Records shown: Begin

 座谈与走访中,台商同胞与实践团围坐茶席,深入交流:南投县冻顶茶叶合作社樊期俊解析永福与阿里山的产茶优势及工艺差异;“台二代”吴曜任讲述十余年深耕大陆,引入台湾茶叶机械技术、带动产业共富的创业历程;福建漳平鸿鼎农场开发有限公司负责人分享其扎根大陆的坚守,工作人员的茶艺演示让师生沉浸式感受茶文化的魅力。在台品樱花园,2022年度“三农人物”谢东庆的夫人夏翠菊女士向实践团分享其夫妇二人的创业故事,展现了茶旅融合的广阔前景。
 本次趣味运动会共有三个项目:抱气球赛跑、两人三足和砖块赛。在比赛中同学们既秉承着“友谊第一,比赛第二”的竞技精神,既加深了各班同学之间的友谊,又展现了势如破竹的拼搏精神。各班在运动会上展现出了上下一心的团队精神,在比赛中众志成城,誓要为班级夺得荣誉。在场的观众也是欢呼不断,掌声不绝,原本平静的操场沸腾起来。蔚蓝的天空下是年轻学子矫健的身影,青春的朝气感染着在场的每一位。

Records shown: End
Records shown: Begin

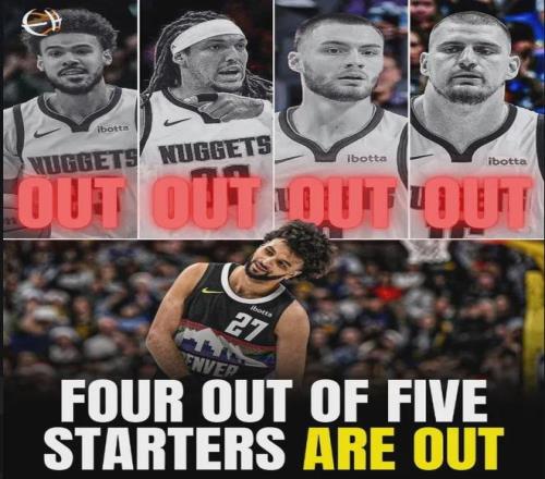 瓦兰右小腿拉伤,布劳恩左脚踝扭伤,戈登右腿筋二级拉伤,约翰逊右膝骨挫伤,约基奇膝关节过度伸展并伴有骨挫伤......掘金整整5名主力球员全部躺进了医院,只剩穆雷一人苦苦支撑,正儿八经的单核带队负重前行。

Records shown: End

For this exercise, please output exactly the lines above starting at the line with "座谈与走访中,台商同胞与实践" and ending at the line with "本次趣味运动会共有三个项目:抱气球赛跑、", ends included.

 座谈与走访中,台商同胞与实践团围坐茶席,深入交流:南投县冻顶茶叶合作社樊期俊解析永福与阿里山的产茶优势及工艺差异;“台二代”吴曜任讲述十余年深耕大陆,引入台湾茶叶机械技术、带动产业共富的创业历程;福建漳平鸿鼎农场开发有限公司负责人分享其扎根大陆的坚守,工作人员的茶艺演示让师生沉浸式感受茶文化的魅力。在台品樱花园,2022年度“三农人物”谢东庆的夫人夏翠菊女士向实践团分享其夫妇二人的创业故事,展现了茶旅融合的广阔前景。
 本次趣味运动会共有三个项目:抱气球赛跑、两人三足和砖块赛。在比赛中同学们既秉承着“友谊第一,比赛第二”的竞技精神,既加深了各班同学之间的友谊,又展现了势如破竹的拼搏精神。各班在运动会上展现出了上下一心的团队精神,在比赛中众志成城,誓要为班级夺得荣誉。在场的观众也是欢呼不断,掌声不绝,原本平静的操场沸腾起来。蔚蓝的天空下是年轻学子矫健的身影,青春的朝气感染着在场的每一位。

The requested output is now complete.